Academic

Evaluating Prompt Engineering Techniques for RAG in Small Language Models: A Multi-Hop QA Approach

arXiv:2602.13890v1 Announce Type: new Abstract: Retrieval Augmented Generation (RAG) is a powerful approach for enhancing the factual grounding of language models by integrating external knowledge. While widely studied for large language models, the optimization of RAG for Small Language Models (SLMs) remains a critical research gap, particularly in complex, multi-hop question-answering tasks that require sophisticated reasoning. In these systems, prompt template design is a crucial yet under-explored factor influencing performance. This paper presents a large-scale empirical study to investigate this factor, evaluating 24 different prompt templates on the HotpotQA dataset. The set includes a standard RAG prompt, nine well-formed techniques from the literature, and 14 novel hybrid variants, all tested on two prominent SLMs: Qwen2.5-3B Instruct and Gemma3-4B-It. Our findings, based on a test set of 18720 instances, reveal significant performance gains of up to 83% on Qwen2.5 and 84.5%

arXiv:2602.13890v1 Announce Type: new Abstract: Retrieval Augmented Generation (RAG) is a powerful approach for enhancing the factual grounding of language models by integrating external knowledge. While widely studied for large language models, the optimization of RAG for Small Language Models (SLMs) remains a critical research gap, particularly in complex, multi-hop question-answering tasks that require sophisticated reasoning. In these systems, prompt template design is a crucial yet under-explored factor influencing performance. This paper presents a large-scale empirical study to investigate this factor, evaluating 24 different prompt templates on the HotpotQA dataset.
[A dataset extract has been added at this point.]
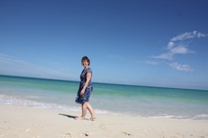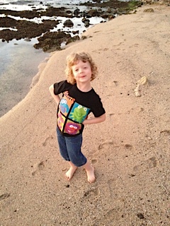 We heard from a reliable source, confirmed by guidebooks, that Lanikai Beach, on the windward side of Oahu, was an ideal place to take kids swimming because the water is extremely calm. And it’s beautiful (although I didn’t find a beach in Hawaii that wasn’t). So one day we headed there, probably later than we should have because everything we do takes longer than we think it’s going to, and on vacation is no exception.
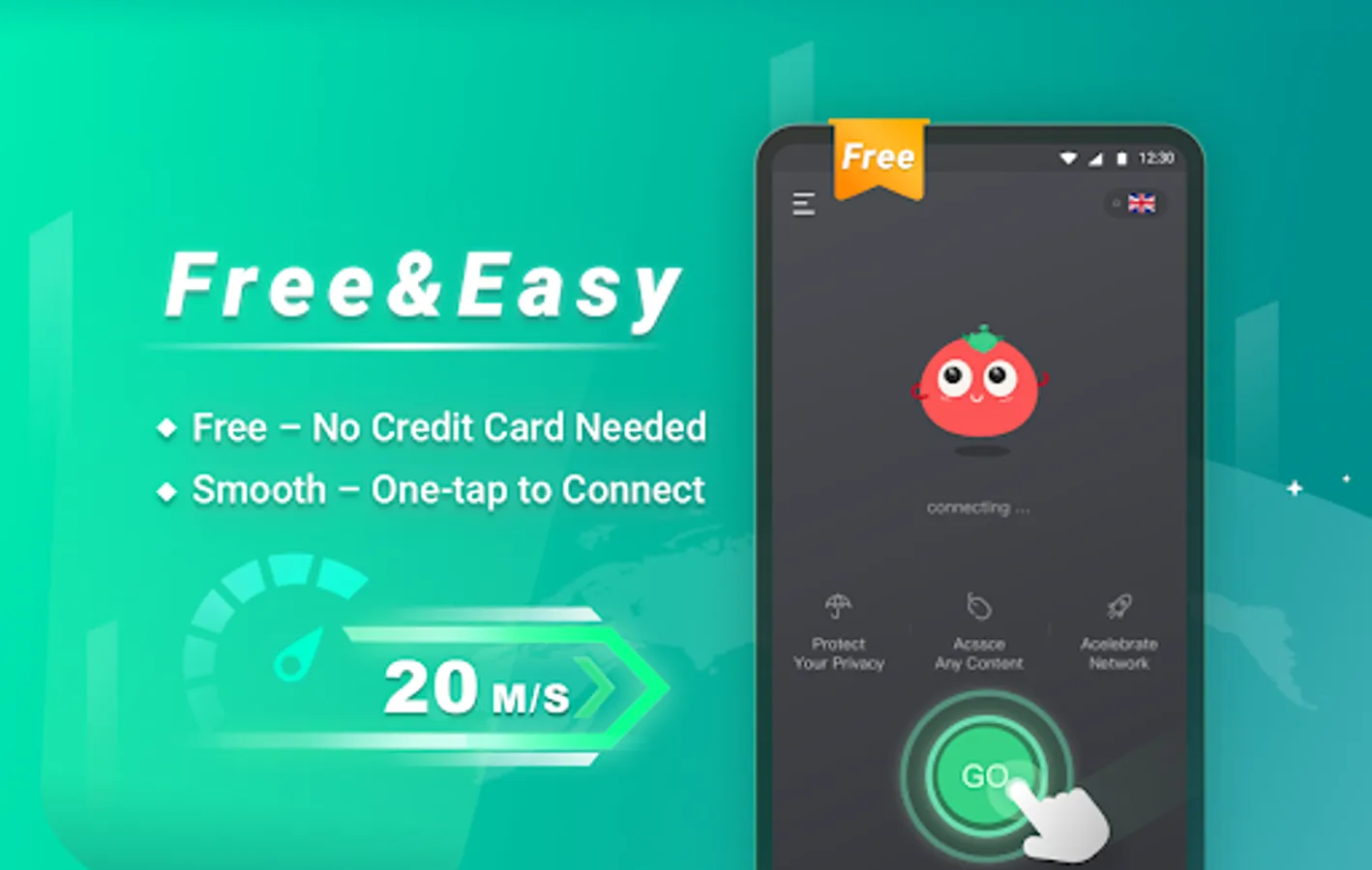 Free VPN Tomato is easy to use (it only takes one tap to connect), is free forever, offers unlimited speed, has no usage time restrictions, and does not require a credit card or additional permissions.

The set includes a standard RAG prompt, nine well-formed techniques from the literature, and 14 novel hybrid variants, all tested on two prominent SLMs: Qwen2.5-3B Instruct and Gemma3-4B-It. Our findings, based on a test set of 18720 instances, reveal significant performance gains of up to 83% on Qwen2.5 and 84.5% on Gemma3-4B-It, yielding an improvement of up to 6% for both models compared to the Standard RAG prompt. This research also offers concrete analysis and actionable recommendations for designing effective and efficient prompts for SLM-based RAG systems, practically for deployment in resource-constrained environments.

Executive Summary

The article 'Evaluating Prompt Engineering Techniques for RAG in Small Language Models: A Multi-Hop QA Approach' investigates the optimization of Retrieval Augmented Generation (RAG) for Small Language Models (SLMs) in complex, multi-hop question-answering tasks. The study evaluates 24 different prompt templates, including standard RAG prompts, well-formed techniques from the literature, and novel hybrid variants, on two SLMs: Qwen2.5-3B Instruct and Gemma3-4B-It. The findings reveal significant performance gains of up to 83% on Qwen2.5 and 84.5% on Gemma3-4B-It, with improvements of up to 6% compared to the Standard RAG prompt. The research provides actionable recommendations for designing effective prompts for SLM-based RAG systems, particularly in resource-constrained environments.

Key Points

  • The study focuses on optimizing RAG for Small Language Models (SLMs) in multi-hop question-answering tasks.
  • 24 different prompt templates were evaluated, including standard RAG prompts, literature-based techniques, and novel hybrid variants.
  • Significant performance gains were observed, with improvements of up to 6% compared to the Standard RAG prompt.
  • The research offers concrete analysis and actionable recommendations for designing effective prompts for SLM-based RAG systems.

Merits

Comprehensive Evaluation

The study conducts a large-scale empirical evaluation of 24 different prompt templates, providing a thorough analysis of their effectiveness in enhancing the performance of SLMs in multi-hop question-answering tasks.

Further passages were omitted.